Data shown Start Marker

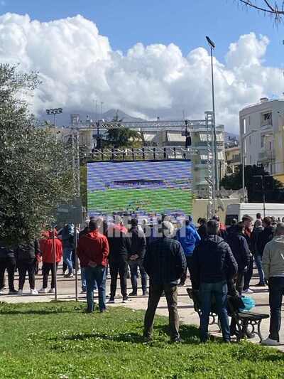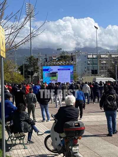 Σε γιγαντοοθόνες στην πλατεία Ντε Μιράντα έξω από το γήπεδο της Παναχαϊκής είδαν το κρίσιμο ματς με την Καλαμάτα οι φίλαθλοι της Παναχαϊκής, έξω από το γήπεδο της ομάδας αφού ο αγώνας έγινε κεκλεισμένων των θυρών.
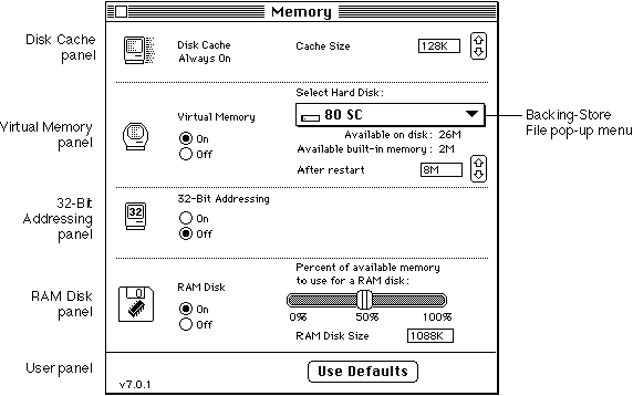 The Virtual Memory panel allows the user to set various features of virtual memory, including whether virtual memory is turned on and, if so, how much is available. The user can also specify the volume of the backing-store file, in which the Virtual Memory Manager stores unused portions of code and data. Changes to the virtual memory configuration do not take effect until the user restarts the computer. Note that the Virtual Memory panel appears only on computers that support virtual memory. For information on how your application can interact with virtual memory, see the chapter "Virtual Memory Manager" in this book.
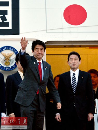 资料图:安倍晋三在外相岸田文雄等人陪同下乘机前往美国
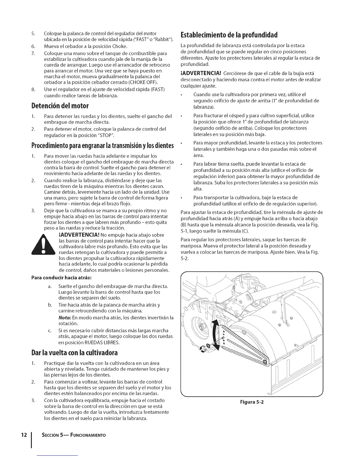 3. Con la cultivadora equilibrada, empuje hacia el costado
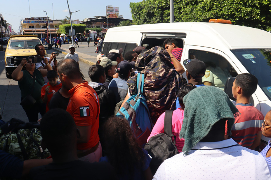 Un grupo de migrantes, subió presuntamente por la fuerza a una de las furgonetas del Instituto Nacional de Migración (INM), para que sean atendidos por el escaso personal que llega a verificar los documentos para que los trasladen a la estación migratoria siglo 21 y determinar su situación en el país. Los migrantes rodearon la unidad, se dieron empujones y gritos verbales, para intentar subir a la unidad, sin embargo, el oficial que estaba al interior de la furgoneta con los migrantes, les pedía sus cedulas o identificación.
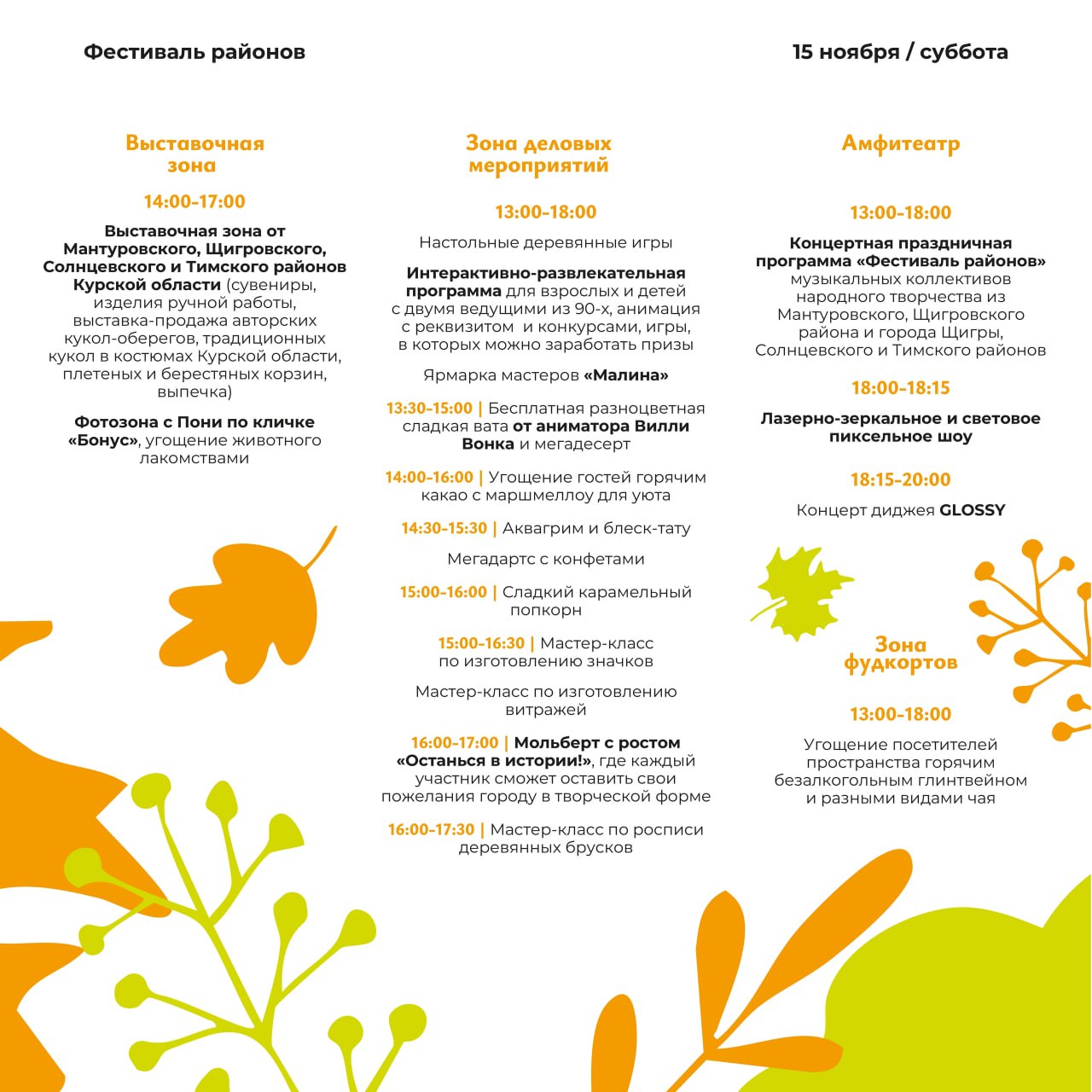 Приглашаем 15 ноября на Фестиваль районов на Полугоре. Вас ждут интересные мастер-классы, конкурсы, живой концерт коллективов народного творчества Мантуровского, Щигровского, Солнцевского и Тимского районов, а также выставка работ местных умельцев и курской ярмарки мастеров — «Малина». Вечер завершит выступление диджея GLOSSY. #ОсеньНаПолугоре #ПолугораФест #ФестивальРайонов46 #Курск

Data shown End Marker

Reproduce verbatim the lines of the material above, beginning with its first line and ending with the line that contains "3. Con la cultivadora"; skip pictures.

 Σε γιγαντοοθόνες στην πλατεία Ντε Μιράντα έξω από το γήπεδο της Παναχαϊκής είδαν το κρίσιμο ματς με την Καλαμάτα οι φίλαθλοι της Παναχαϊκής, έξω από το γήπεδο της ομάδας αφού ο αγώνας έγινε κεκλεισμένων των θυρών.
 The Virtual Memory panel allows the user to set various features of virtual memory, including whether virtual memory is turned on and, if so, how much is available. The user can also specify the volume of the backing-store file, in which the Virtual Memory Manager stores unused portions of code and data. Changes to the virtual memory configuration do not take effect until the user restarts the computer. Note that the Virtual Memory panel appears only on computers that support virtual memory. For information on how your application can interact with virtual memory, see the chapter "Virtual Memory Manager" in this book.
 资料图:安倍晋三在外相岸田文雄等人陪同下乘机前往美国
 3. Con la cultivadora equilibrada, empuje hacia el costado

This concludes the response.